Numbered bullets might take the following form:

  # item 1
    # item 1.1
      @description {
        Description about item 1.1
      }
    @description {
      Description about item 1.
    }
  

Converting to xml

The point of textml is allow you to add structure to your text files. For the sorts of things I work on, I don't need to publish what I'm doing into xml.

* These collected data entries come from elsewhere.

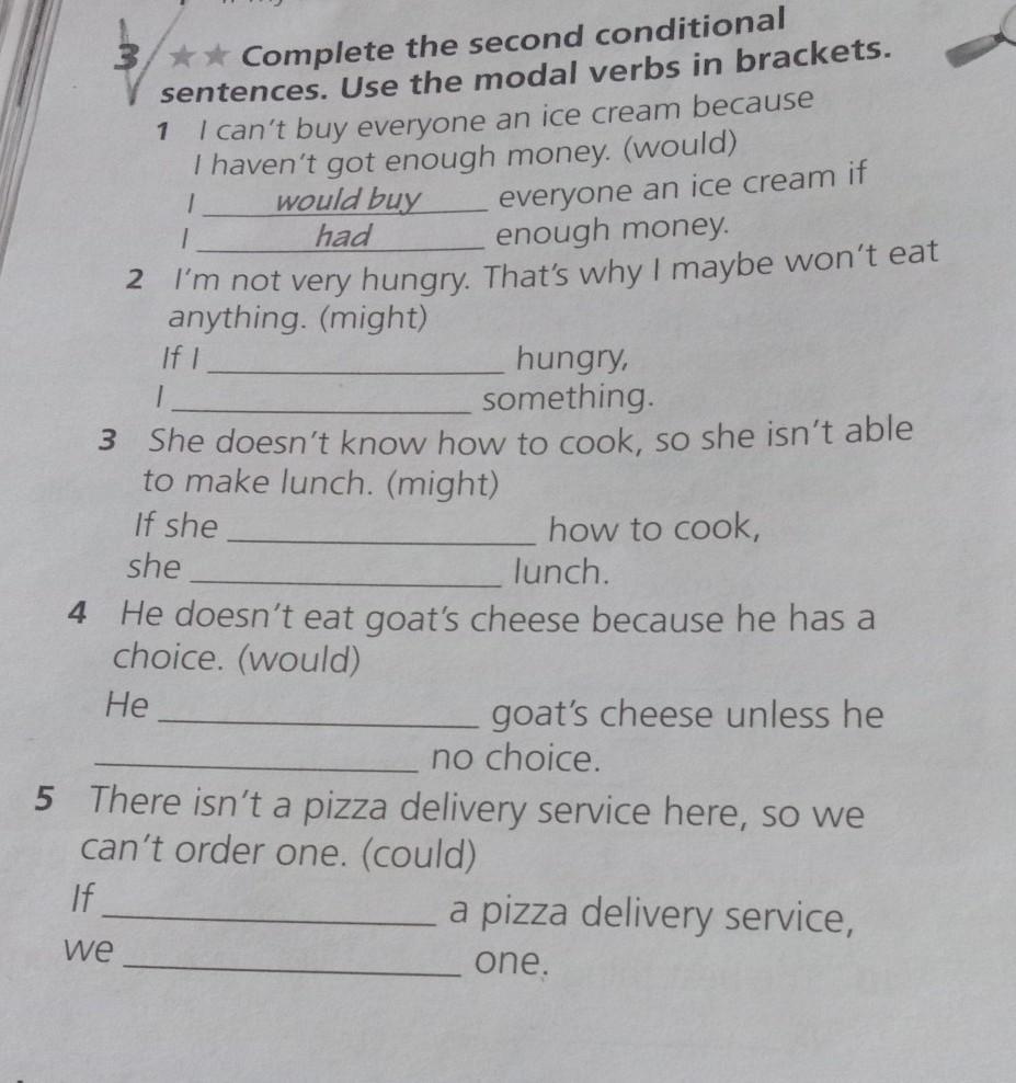 Complete the second conditional sentences .Use the modal verbs in brackets.
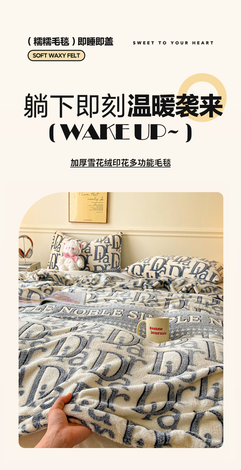 爱彼家纺 2025热门冬季加厚雪花绒印花多功能毛毯毯子修色图-系列二 迪欧
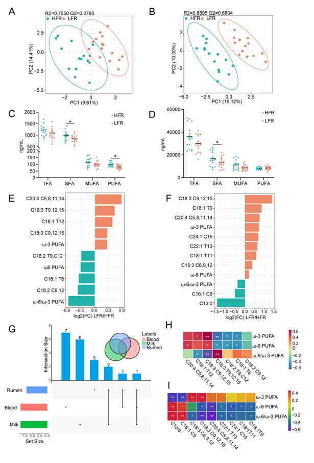 基于GC-MS/MS的靶向代谢组学分析显示,HFR与LFR组在瘤胃、血清和牛奶中均存在显著的脂肪酸差异。LFR组瘤胃中总SFA和PUFA浓度较低,但ALA和花生四烯酸比例更高;HFR组则富含LA及其异构体,ω-6/ω-3比例更高(图2)。
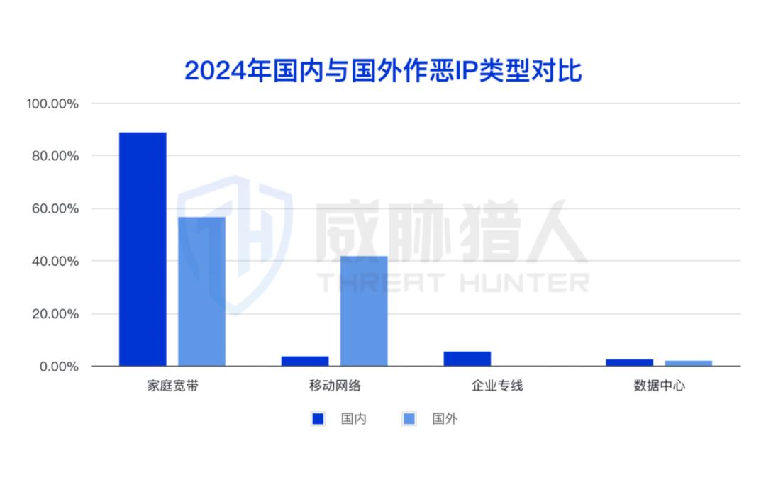 威胁猎人情报人员对国内和国外作恶IP类型进行分析,发现二者存在差异:
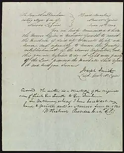 - ^ Military Order to Jonathan Dunham, 10 June 1844, p. 1, The Joseph Smith Papers, accessed June 12, 2024, https://www.josephsmithpapers.org/paper-summary/military-order-to-jonathan-dunham-10-june-1844/1#facts
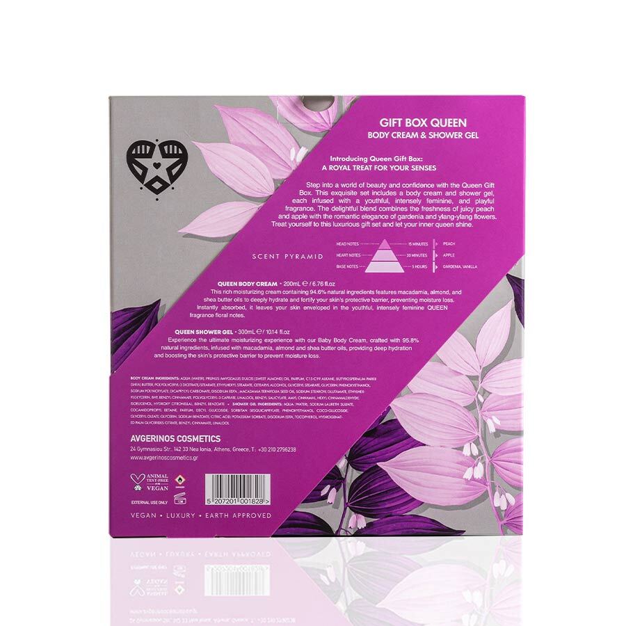 Ανακάλυψε το απόλυτο δώρο για κάθε γυναίκα που θέλει να νιώθει βασίλισσα — κάθε μέρα. Το Queen Gift Box περιλαμβάνει το εμβληματικό αφρόλουτρο και την πλούσια κρέμα σώματος της σειράς Queen, με ένα άρωμα που συνδυάζει φρεσκάδα, αισθησιασμό και παιχνιδιάρικη θηλυκότητα.

However it would be fairly straightforward to write script or parser to generate the appropriate xml. Then transform that xml using xslt into other xml-based formats such as xhtml.

Benefits

  • It's easier to date things, sign things, or otherwise add some sort of meta data to something to give you extra information about what you were doing in your text file, when and why etc
  • Makes it easier to explore using xml to create structure or semi-structure. I'm interested in this because I'm looking at xml to represent certain types of knowledge and learning - think of dialectics, assignments, forums, q & a. textml makes it easy to play with some of this straight away in your text editor.
  • Once you've defined a "context" - a parent tag or hierarchy with attributes, you don't have to constantly remind your audience about it. Textml allows you to create structure within your text documents which defines context; once that's out of the way you can concentrate on the specific issue. For instance If my tag is
      @plan {
        @start-date: 24-Nov-09
        - Do X
        - Do Y
      }
     
    A context of a plan and its start date has already been set. Everything I write is within that context.

Limitations

  • A text file is not a web-based document so you can't show images.
  • You are confined to the linear format of a text file; in a browser you can potentially break things up a bit more as well as insert hyperlinks. If you're wanting to do that, you should work with real xml or xhtml in a browser or other capable user-agent.